● What the task asks: Pictures excluded, reproduce exactly the lines below from the one with "Maharaja Waistcoat - White" through the one with "- 관부가세 계산기 검색", both included.

● Input:
* * *

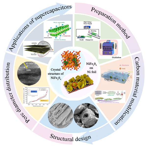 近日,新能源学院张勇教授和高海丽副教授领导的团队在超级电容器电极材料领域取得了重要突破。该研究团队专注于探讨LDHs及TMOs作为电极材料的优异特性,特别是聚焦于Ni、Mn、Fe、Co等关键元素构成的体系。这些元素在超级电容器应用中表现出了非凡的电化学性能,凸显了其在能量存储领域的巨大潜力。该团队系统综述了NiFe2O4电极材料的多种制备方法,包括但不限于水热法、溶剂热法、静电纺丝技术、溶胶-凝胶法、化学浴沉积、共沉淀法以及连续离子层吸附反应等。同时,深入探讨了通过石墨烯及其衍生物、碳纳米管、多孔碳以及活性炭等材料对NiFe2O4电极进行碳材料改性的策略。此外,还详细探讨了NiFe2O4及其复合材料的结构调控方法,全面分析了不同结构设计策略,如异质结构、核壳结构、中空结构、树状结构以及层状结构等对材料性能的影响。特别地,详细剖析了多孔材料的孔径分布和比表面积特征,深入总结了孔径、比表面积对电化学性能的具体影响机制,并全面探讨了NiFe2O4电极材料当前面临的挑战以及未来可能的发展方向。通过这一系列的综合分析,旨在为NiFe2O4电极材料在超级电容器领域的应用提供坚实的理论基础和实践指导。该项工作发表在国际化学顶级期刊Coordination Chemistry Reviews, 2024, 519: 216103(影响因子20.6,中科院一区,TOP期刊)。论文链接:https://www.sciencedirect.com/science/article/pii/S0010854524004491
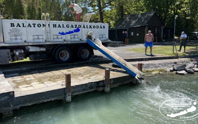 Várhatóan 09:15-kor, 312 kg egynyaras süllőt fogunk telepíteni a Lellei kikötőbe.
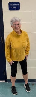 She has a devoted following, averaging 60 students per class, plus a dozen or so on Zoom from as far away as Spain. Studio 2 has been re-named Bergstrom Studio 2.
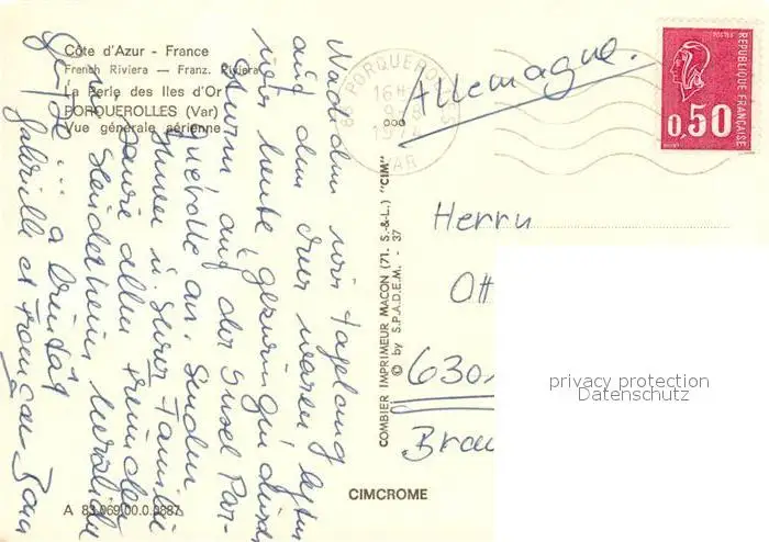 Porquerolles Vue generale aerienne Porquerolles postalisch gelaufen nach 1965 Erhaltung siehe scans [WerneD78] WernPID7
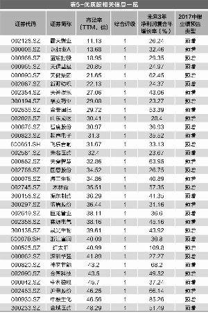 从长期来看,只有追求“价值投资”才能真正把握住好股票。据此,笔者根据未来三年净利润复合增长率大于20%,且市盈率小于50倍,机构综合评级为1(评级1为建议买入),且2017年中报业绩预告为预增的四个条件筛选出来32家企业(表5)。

* * *

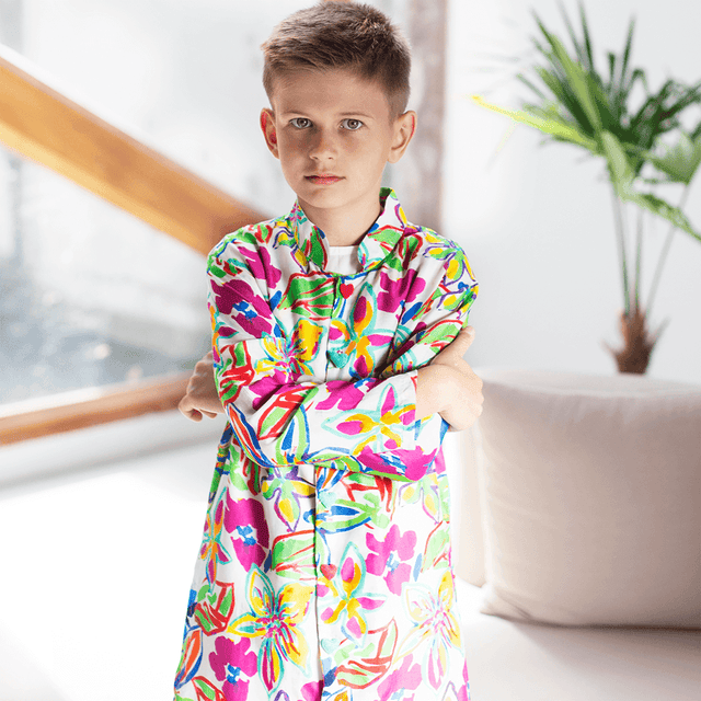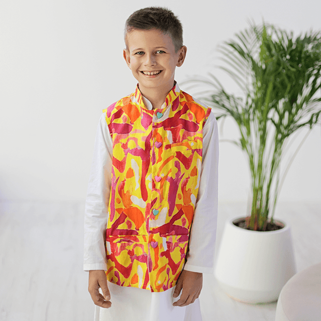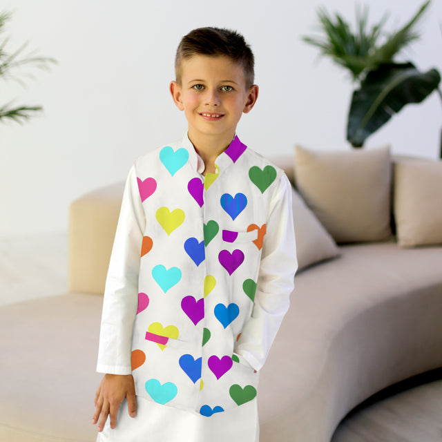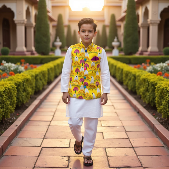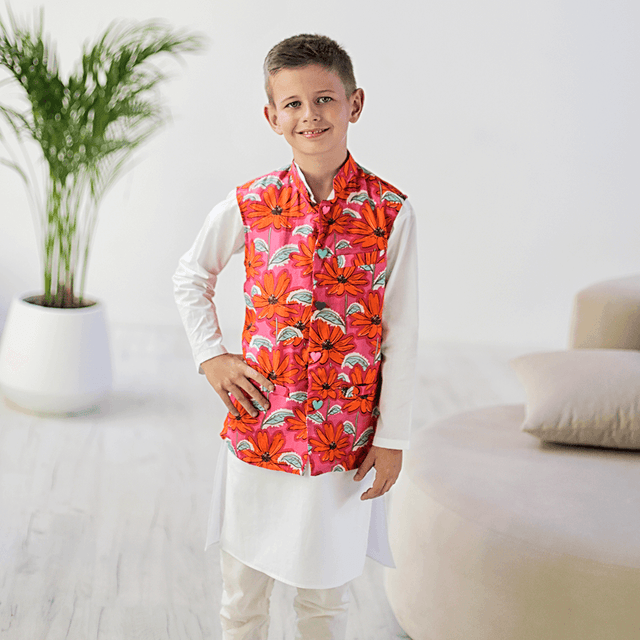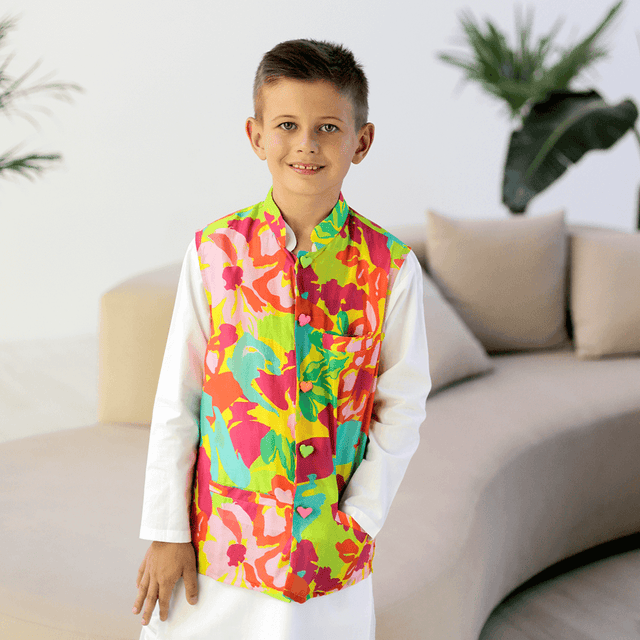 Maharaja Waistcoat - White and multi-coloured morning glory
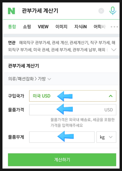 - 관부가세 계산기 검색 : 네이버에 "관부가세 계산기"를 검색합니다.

* * *

● Your response:
 Maharaja Waistcoat - White and multi-coloured morning glory
 - 관부가세 계산기 검색 : 네이버에 "관부가세 계산기"를 검색합니다.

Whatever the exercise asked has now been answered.